Why does the G7 exist?

At this very first summit ─ the ‘G6’ summit ─, the leaders adopted a 15-point communiqué, the Declaration of Rambouillet, and agreed to continuously meet once a year moving forward to address the problems of the day, with a rotating Presidency. One year later, Canada was welcomed into the fold, and the ‘G6’ became seven and has remained so ever since ─ Russia’s inclusion and exclusion not counted. 

 

The group, as previously mentioned, was born in the looming shadow of a financial crisis, but its purpose is more significant than just economics. When leaders from the group meet, they discuss and exchange ideas on a broad range of issues, including injustice around the world, geopolitical matters, security, and sustainability. 

 

It’s worth noting that, while the G7 may be made up of mighty nations, the bloc is an informal one.

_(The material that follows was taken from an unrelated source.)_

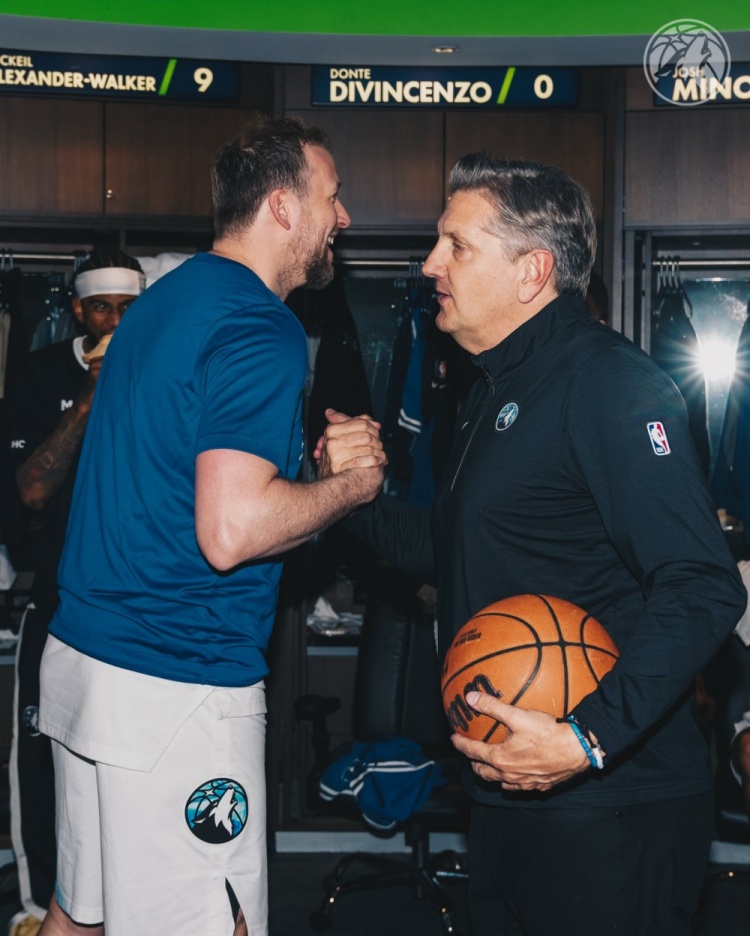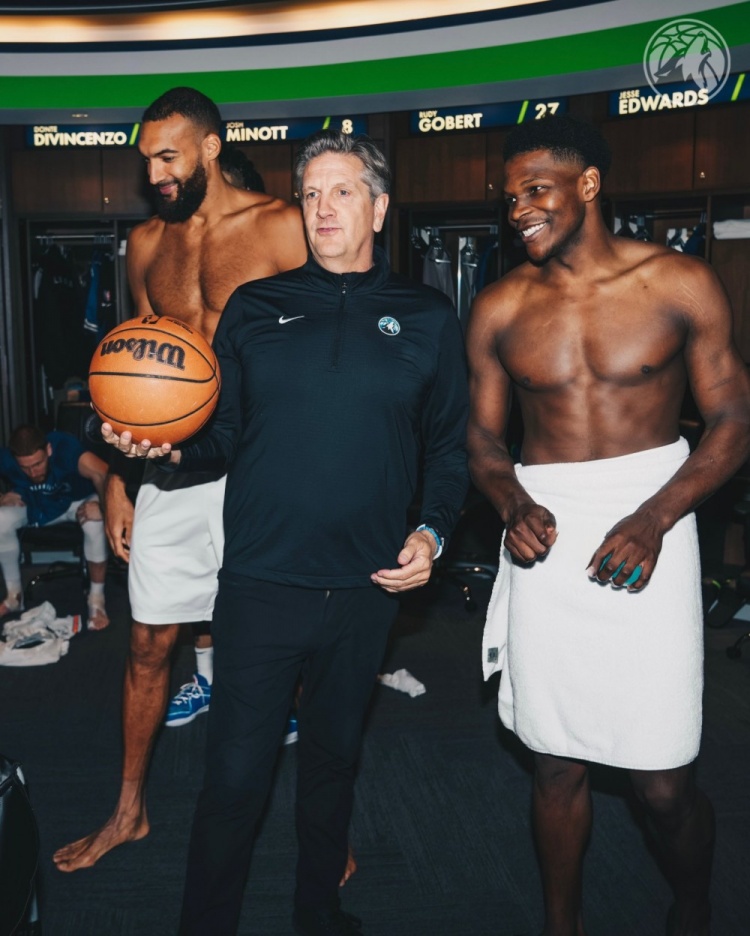 2025-03-17 10:47:34森林狼更衣室祝賀芬奇200勝:拿到比賽用球 華子戈貝爾裹浴巾合影

So, although it is considered an important annual event, declarations made during the summit are not legally binding. That said, they are still very influential and worth taking note of because it indicates the ambitions and outlines the initiatives of these particularly prominent leading nations. 

 

Where is the 2021 G7 summit?

This year, the summit will be held in the United Kingdom deep in the southwest of England, with Prime Minister Boris Johnson hosting his contemporaries in the quaint Cornish resort of Carbis Bay near St Ives in Cornwall. 
 

What will be discussed this year? 

After almost two years of remote communication, this will be the first in-person G7 summit since the novel Coronavirus first took hold of the globe, and Britain wants “leaders to seize the opportunity to build back better from coronavirus, uniting to make the future fairer, greener, and more prosperous.”

 

The three-day summit, running from Friday to Sunday, will see the seven leaders discussing a whole host of shared challenges, ranging from the pandemic and vaccine development and distribution to the ongoing global fight against climate change through the implementation of sustainable norms and values. 

 

According to the UK government, the attendees will also be taking a look at “ensuring that people everywhere can benefit from open trade, technological change, and scientific discovery.”